Mafia and the Italian Sociopolitical Controversy
Course Info:
- Instructor: Angelo Persichilli
- Department: Liberal Arts
- Area: History
- Credit Hours: 3, Contact Hours: 45
- Course Number (SRISA): HIST 3306
- Course Number (Maryville University): HIST 397
Course Description:
This course will examine the history of the Italian Mafia, starting with the Unification of Italy up to the present. The approach will be both political, historical and sociological.
Aside from just the Mafia, you will get a panoramic view of Italy and it’s sociopolitical issues from the start of the 60’s right up to the 90’s.
The course begins with an analysis of the roots of the Italian mafia that lay within the over reliance on codes of honor and on traditional family values as a resolution to all conflicts.

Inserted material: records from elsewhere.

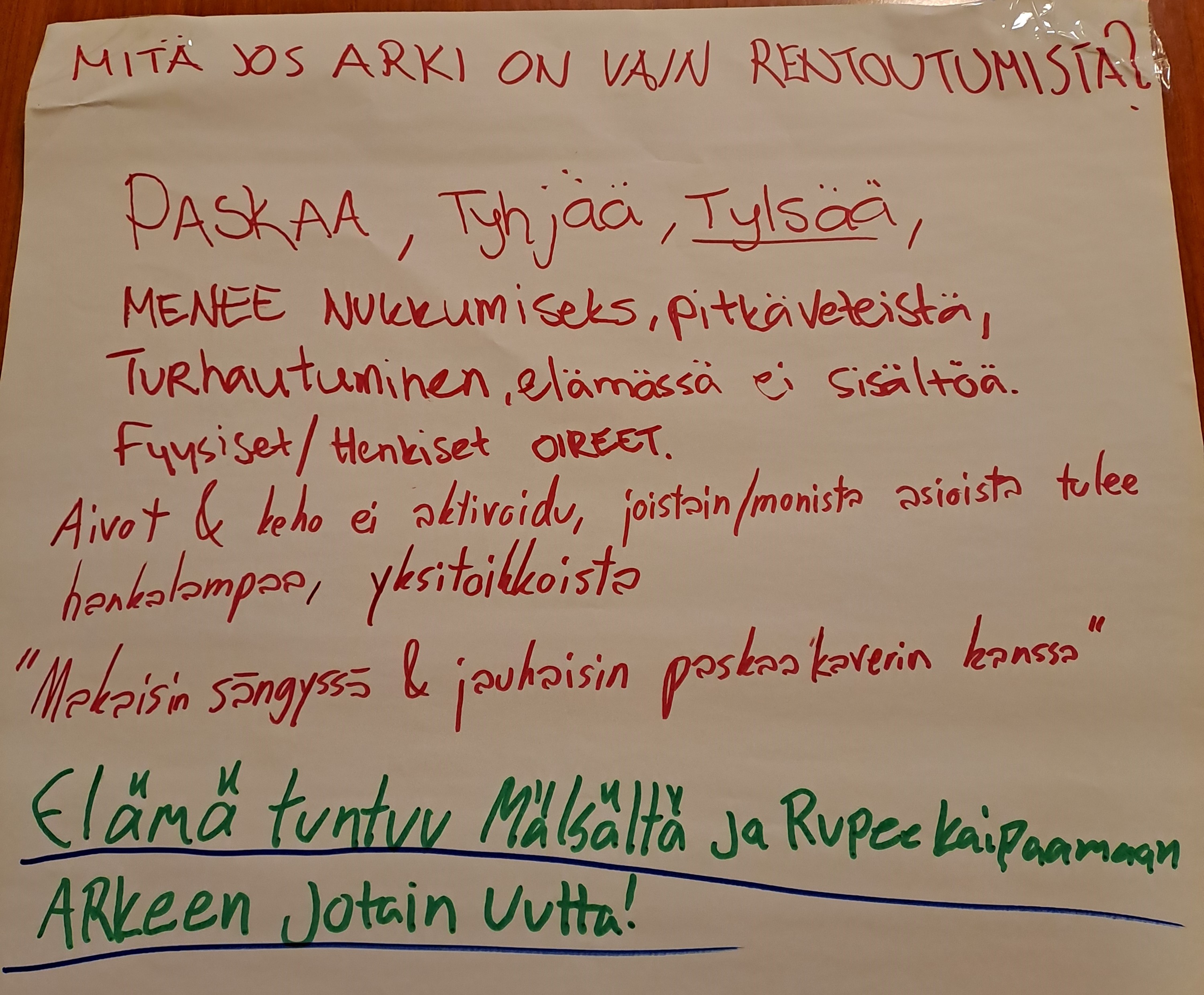 Kohderyhmänä mielenterveys- ja päihdekuntoutujat sekä mielenterveyden häiriön uhan alla olevat työikäiset. Kohderyhmän yhteisinä nimittäjinä ovat itseluottamuksen/minäpystyvyyden haasteet, merkityksellisyyden vähyys sekä arjen epäsäännöllisyys ravinnon, unen ja/tai liikunnan osa-alueilla. Yleisesti ottaen voidaan puhua kumuloituneita haasteita kokevista yksilöistä. Toiminnan alussa toimintaa kehitettiin pilottiryhmällä, jonka näkemykset ja kokemukset yhdistettynä alueemme asiakkaita kohtaavien ammattilaisten näkemyksiin loivat selkeät rakenteet toimintamallillemme.
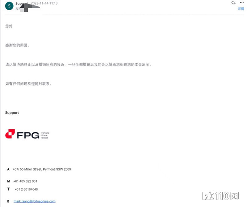 「把這個投訴刪了吧,平台說不刪本金不給我出了」,在向FX110網發出投訴4天後,匯友又說出了這麼一句話,而他口中的「平台」指的是FPG 財盛國際(下文統稱FPG)。
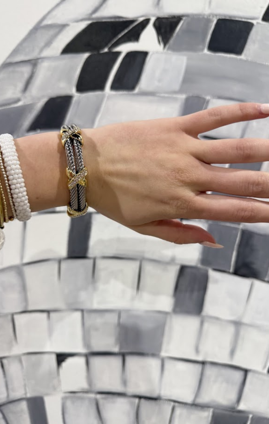 The Two Row Cable X Bracelet reimagines classic cable design with architectural flair. Dual rows of polished cable intertwine in a striking X formation, creating dimensional depth and visual interest that commands attention without overwhelming. The interlocking pattern offers structural integrity while maintaining an elegant, refined aesthetic. Versatile enough to layer with delicate pieces or wear as a bold standalone statement, this bracelet bridges minimalist and maximalist sensibilities. A sophisticated choice for those who appreciate thoughtful design and enduring style.
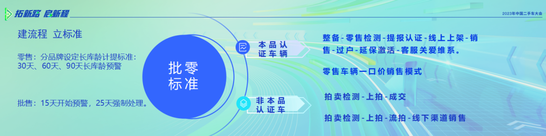 建流程 立标准:设立零售批售标准,批售车辆统一线上拍卖销售。零售车辆通过整备认证进行C端销售。
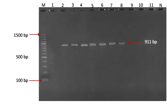 Gel electrophoresis image showing Lane M ) Exact Mark 100 – 1500 bp DNA ladder, Lane 2-8) conventional PCR technique detecting genotype Asia-1 of FMD virus in approximately band size 911 bp. Lane1,9,10,11) are negative results, Lane N) DNA extracted from FMDV-free cattle used as negative control.
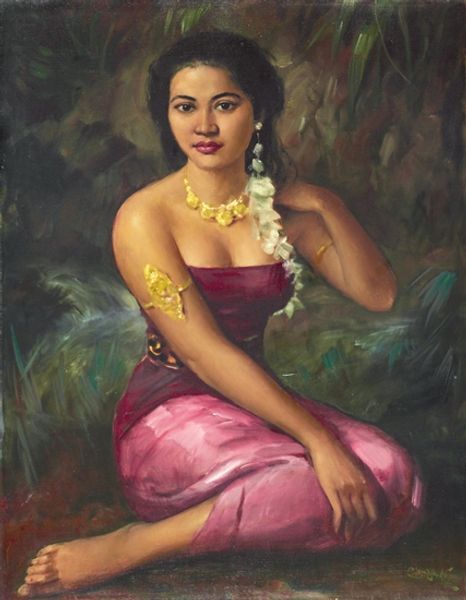 Basuki Abdullah painted this oil-on-canvas portrait, titled "Wanita Berkebaya Hijau," in Indonesia. Abdullah was best known for his academic style. He received his art education in the Western tradition, during colonial times. He was even commissioned to paint portraits of European royals and heads of state. Here, Abdullah used his artistic skills to render an Indonesian woman wearing a 'kebaya', a traditional blouse-dress. The 'kebaya' is a cultural symbol of Indonesian identity. The woman's elegant and poised demeanor reflects the values of Indonesian culture and high society. Abdullah’s work is a complex negotiation between Western academic style and Indonesian cultural identity. It is something that continues to inform Indonesian modern and contemporary art. To understand the dynamics of Indonesian art, we can look into the development of art institutions, art education, the art market, and the impact of post-colonialism. All these aspects provide valuable insights into the work of artists like Basuki Abdullah.

Historically we begin in the Middle Ages with the control of agricultural estates by the mafia, the exploitation of peasants, and the consequent migration of Sicilians towards the United States at the end of the 19th century.
We then focus on the controversial relationship between the mafia and the fascist state, and the decline of organized crime under fascism. Beginning in the late 50s the mafia was centralized into one organization called Cosa Nostra that controlled the traffic of drugs from Sicily to the United States.
We will analyze too the period of the rebellions of the youth and the lead years, this is from the 60s to the 90s, with particular reference to the events that occurred in the cities of Florence, Bologna and Milan.